Huntly Thistle
- Full name: Huntly Thistle Association Football Club
- Nickname(s): The Thistle, The Blues, The Pigs, The Prickles
- Founded: 1926
- Ground: Huntly Domain, Huntly, New Zealand
- Manager: Sarah Wright
- League: Waikato Division 1
- 2024: Waikato Division 1, 4th of 8
- Website: www.sporty.co.nz/huntly_thistleafc/
| Home colours |

= Huntly Thistle AFC =

Football club in New Zealand

Huntly Thistle are an association football club based in the New Zealand town of Huntly, in the northern Waikato region. The club currently have teams in the WaiBop Premiership, Senior Men's, Senior Women's, Juniors and WSSFA College. Earlier points in their history they were one of the stronger teams in the Waikato.
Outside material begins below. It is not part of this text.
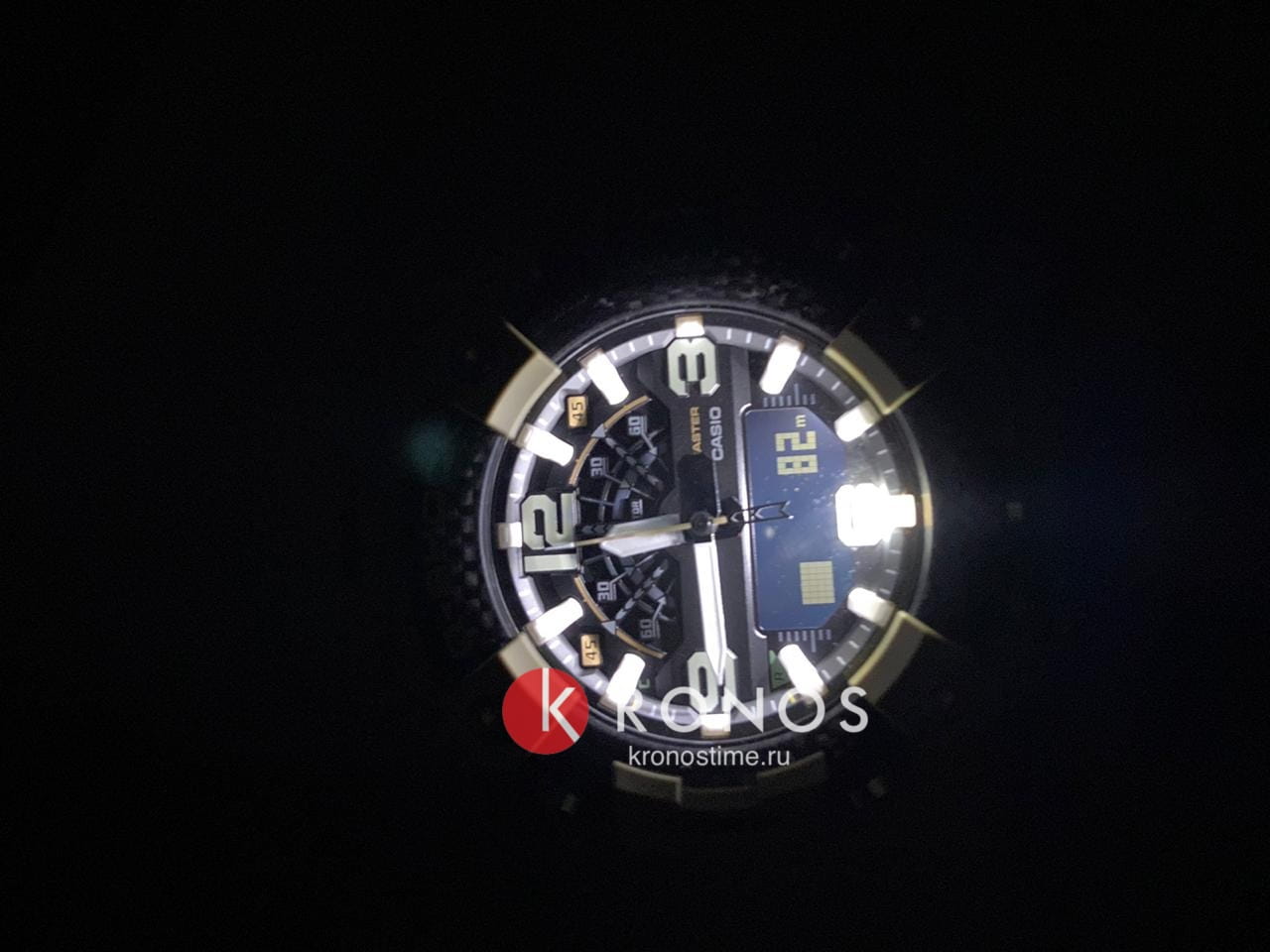 Аксессуар Limited Edition дополнен полимерным ремешком со стальным держателем, украшенным гербом Британской армии. Модель получила камуфляжную расцветку Multi-Terrain Pattern, символизирующую наземное подразделение Британской армии. Наручные часы изготовлены при участии британских военных, что сделало их пригодными для работы в экстремальных и суровых условиях. Этого удалось достичь благодаря двойной задней крышке, технологии Carbon Core GuardCarbon Core Guard Новейшая структура корпуса, разработанная Casio. Полиуретановая пластина дополнительно усилена карбоновыми вставками, что придаёт специальную защиту от механических повреждений. Карбон отличается лёгкостью и прочностью.: защитная карбоновая структура, трёхслойный безельБезельВнешний ободок, закрепляющий стекло. В спортивных часах так называется поворотное кольцо с делениями на циферблате, выполняет роль таймера – замеряет отрезки времени на шкале. Неподвижный безель – элемент декора. Однонаправленно вращающийся безель на дайверских часах позволяет фиксировать моменты погружения и выныривания на поверхность. с карбоновыми волокнами. Впечатляет повышенная грязе- и пылеустойчивость. Часы поставляются в камуфляжном кейсе, дополненным гербом. Японский кварцевый механизм работает об батарейки, рассчитанной на 2 года службы. Циферблат защищён минеральным стеклом, устойчивым к царапинам. Используется светодиодСветодиодная подсветкаСветодиодная или LED-подсветка обеспечивает появление яркого холодного свечения за счёт LED-элементов - маленьких лампочек. Они потребляют минимальное количество энергии, чаще всего можно встретить 1 светодиод, в нижней части циферблата. для освежения циферблата, электролюминесцентная подсветкаЭлектролюминесцентная подсветкаЭлектролюминесцентная панель устанавливается под ЖК-экраном часов, при нажатии кнопки электричество преобразуется в свет за счёт подачи напряжения на атомы фосфора, такой тип подсветки позволяет освещать весь циферблат. – для дисплеев. Функции: высотомер, барометр, компас, термометр, график восхода и заката солнца, BluetoothBluetoothСовременная технология, позволяющая синхронизировать часы с телефоном и переносить данные. Часы с Bluetooth расширяют возможности вашего смартфона и делают его использование ещё более удобным., поиск телефона, будильник, шагомер. Габариты: 55,4 x 53,1 x 19,3 мм.

The club played in the top flight of the Northern League in the early 1970s, and at that time contained the club's only full international player, Jim Moyes.

The team has reached the last-32 stage of the Chatham Cup on three occasions, in 1971, 1977, and 1989. Early records of the Chatham Cup are incomplete, but it appears likely that Thistle reached far later stages of the competition during the competition's early years, as they were regular entrants from the fourth year of the competition's existence, at which time far fewer teams took part, and qualified as Waikato regional champions in 1926, 1931, 1951, 1953, and 1955.